Canadian home prices are recovering from a pandemic surge in demand, but another 'crunch' could be on the horizon.
First, too many Canadians.
From 2021 to 2023, a whopping 1 million newbies flocked to Canada each year, waving the red maple leaf. That influx had a substantial impact on a housing market already suffering from undersupply due to the pandemic-era rush to buy a home amid historically low mortgage rates.
Now, too few Canadians?
To stem the surge of new people that, apparently, also wanted somewhere to live (go figure), the federal government began curbing immigration in 2024, and the outflow of temporary residents exceeded 660K that year. The outflow continued into 2025, resulting in Canada's first-ever population contraction — and those declining numbers have eased demand for many Canadian housing markets in 2026, especially in the GVA and GTA.
The resulting decrease in housing demand has been one factor helping to keep home price increases stable in recent months.
Still, our rapid population growth over the past few years, combined with not enough housing supply and starts to keep pace, continues to put forward pressure on Canada's future housing supply. Combined with the recent, sudden shift toward lower demand, housing starts are still in jeopardy — builders won't build if there aren't enough buyers to make it financially worthwhile.
So, we're back to the same concern — will there be enough housing to keep pace with demand, allowing Canandian home prices to grow at a more natural pace vs a spike in prices?

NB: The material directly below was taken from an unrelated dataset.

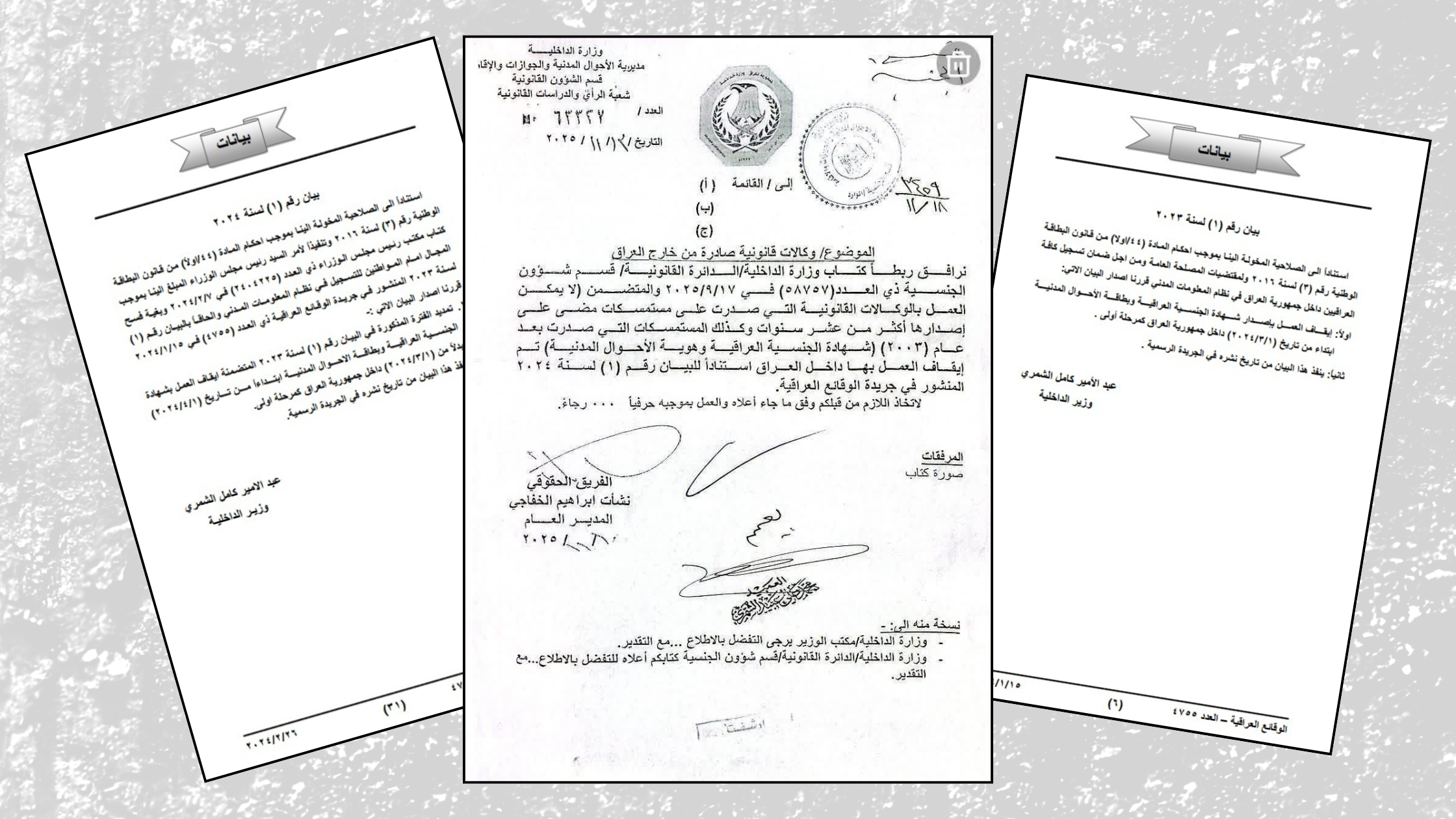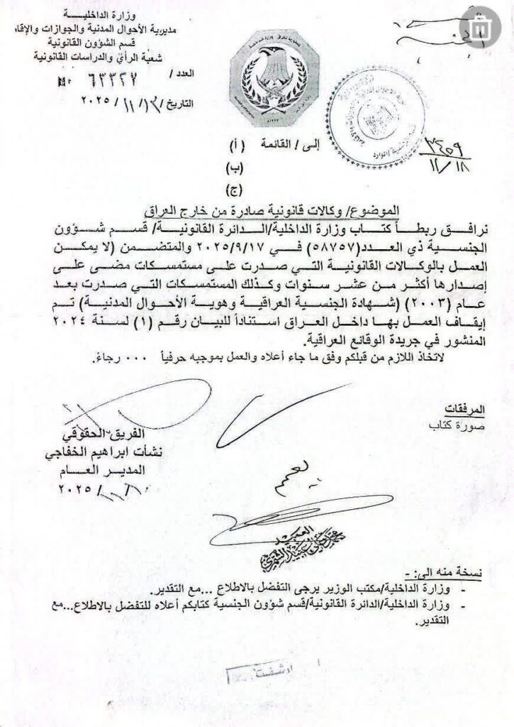 The covering letter itself is dated 13 November 2025 (Issue No. 63327), and its circulation in media outlets contributed to wider public attention, particularly among Iraqis living abroad who rely on consular powers of attorney.

Several factors are slowing the pace of home building:
- Higher building costs due to recently higher energy prices and tariffs (already impacting the pace of new builds forecast for 2026)
- Less access to supplies as trade routes are impacted by U.S. policy chaos
- Restrictive government taxes and legislation
- Availability of construction labourers
- NIMBYism that impedes middle or high-density construction in established neighbourhoods
Federal, provincial, and city governments are furiously trying to clear the road to increase starts or boost the incentive to improve starts, but they face multiple roadblocks.
NIMBYism (not in my backyard) isn't helping.
The phenomenon of established neighbourhoods resisting increased density in their own backyards (a form of NIMBYism) has become a major, chronic obstacle to building multi-dwelling housing in existing neighbourhoods that could help ease Canada's housing strain.
Calgary and Edmonton, at one point, had some success getting shovels in the ground through quickly introduced legislation that allowed 'missing middle' buildings (2-8-plexes) within established neighbourhoods. However, Calgary (and slowly, other municipalities) have recently moved to repeal those changes amid the resulting NYMBYism backlash; those repeals now threaten access to government housing funds that, ironically, were meant to help cities increase their density.
Ensuring a stable supply of housing without an outsized impact on prices.
Several forces in Canada appear to be at odds, hindering the pace of creating housing inventory needed to meet current and future demand. We're not talking here about housing for low-income needs, which is also very urgent and essential — we're talking about enough housing to meet the general demands of an existing and growing population, keep Canadian home prices at more affordable levels, and avoid spikes and crashes.
Canada is down by over 5 million homes needed by 2030 (on top of annual construction). Slower housing starts threaten to keep home prices chronically elevated unless they are addressed in a reasonable way in the coming years.
The current federal government has launched a Build Canada Homes initiative to help construct approximately 500,000 new homes per year over the next decade (though the jury is out on whether it will actually happen).